## [PROBLEM TO WORK ON]
Using the data below, set down every line from the one containing "Our notifications, unlike" through the one containing "Vide Grenier de", inclusive and unchanged. Pictures are to be skipped.

## [SOURCE DATA]
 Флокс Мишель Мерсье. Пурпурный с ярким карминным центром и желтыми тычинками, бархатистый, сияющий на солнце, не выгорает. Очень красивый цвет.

--

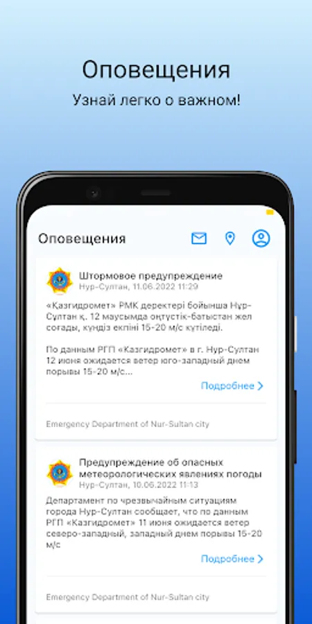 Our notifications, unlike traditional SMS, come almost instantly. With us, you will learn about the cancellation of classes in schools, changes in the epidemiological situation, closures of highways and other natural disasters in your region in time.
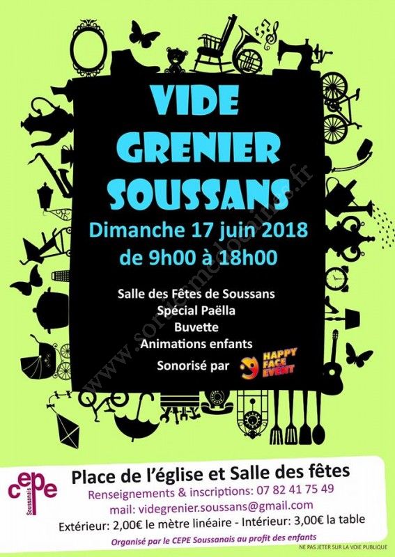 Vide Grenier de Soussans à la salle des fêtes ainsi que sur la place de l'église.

==

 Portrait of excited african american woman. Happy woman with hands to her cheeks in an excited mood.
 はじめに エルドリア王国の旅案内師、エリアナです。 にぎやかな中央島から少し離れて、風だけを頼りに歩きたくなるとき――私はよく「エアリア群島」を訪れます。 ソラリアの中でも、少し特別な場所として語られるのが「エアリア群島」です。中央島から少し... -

## [SOLUTION TO THIS PROBLEM]
 Our notifications, unlike traditional SMS, come almost instantly. With us, you will learn about the cancellation of classes in schools, changes in the epidemiological situation, closures of highways and other natural disasters in your region in time.
 Vide Grenier de Soussans à la salle des fêtes ainsi que sur la place de l'église.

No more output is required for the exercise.